Satan fry those natives on a slow griddle, that they did not come to help! Or at least go decently away while the humans drowned, instead of hanging up there in the sky to gloat!

“Is all in order?”

Wace closed the hatch, dogged it fast, and came down the ladder. At its foot, he had to brace himself against the heavy rolling. He could still hear waves beat on the hull, and the wind-yowl.

“Yes, my lady,” he said. “As much as it’ll ever be.”

“Which isn’t much, not?” Lady Sandra Tamarin played her flashlight over him. Behind it, she was only another shadow in the darkness of the dead vessel. “But you look a saturated rat, my friend. Come, we have at least fresh clothes for you.”

Wace nodded and shrugged out of his wet jacket and kicked off the squelching boots. He would have frozen up there without them — it couldn’t be over five degrees C — but they seemed to have blotted up half the ocean. His teeth clapped in his head as he followed her down the corridor.

He was a tall young man of North American stock, ruddy-haired, blue-eyed, with bluntly squared-off features above a well-muscled body. He had begun as a warehouse apprentice at the age of twelve, back on Earth, and now he was the Solar Spice Liquors Company’s factor for the entire planet known as Diomedes. It wasn’t exactly a meteoric rise — Van Rijn’s policy was to promote according to results, which meant that a quick mind, a quick gun, and an eye firmly held to the main chance were favored. But it had been a good solid career, with a future of posts on less isolated and unpleasant worlds, ultimately an executive position back Home and — and what was the use, if alien waters were to eat him in a few hours more?

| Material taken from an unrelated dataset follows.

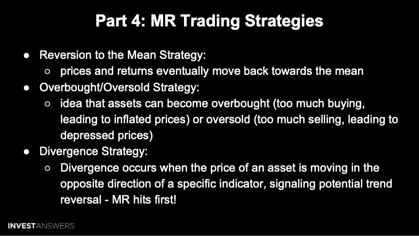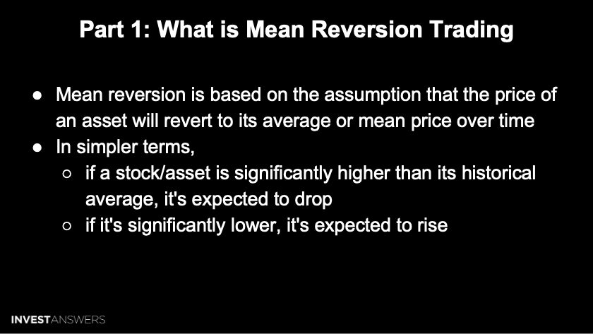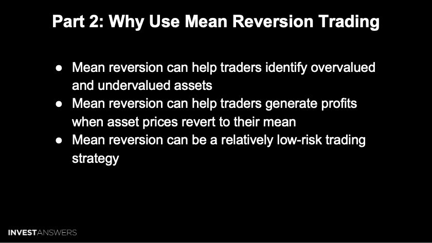 Usage: Traders look for assets that have deviated significantly from their historical average, expecting them to revert back. For example, if a stock is trading above its historical average, a trader might expect its price to decrease.

At the end of the hall, where the navigation turret poked up, there was again the angry copper sunlight, low in the wan smoky-clouded sky, south of west as day declined. Lady Sandra snapped off her torch and pointed to a coverall laid out on the desk. Beside it were the outer garments, quilted, hooded, and gloved, he would need before venturing out again into the pre-equinoctial springtime. “Put on everything,” she said. “Once the boat starts going down, we will have to leave in a most horrible hurry.”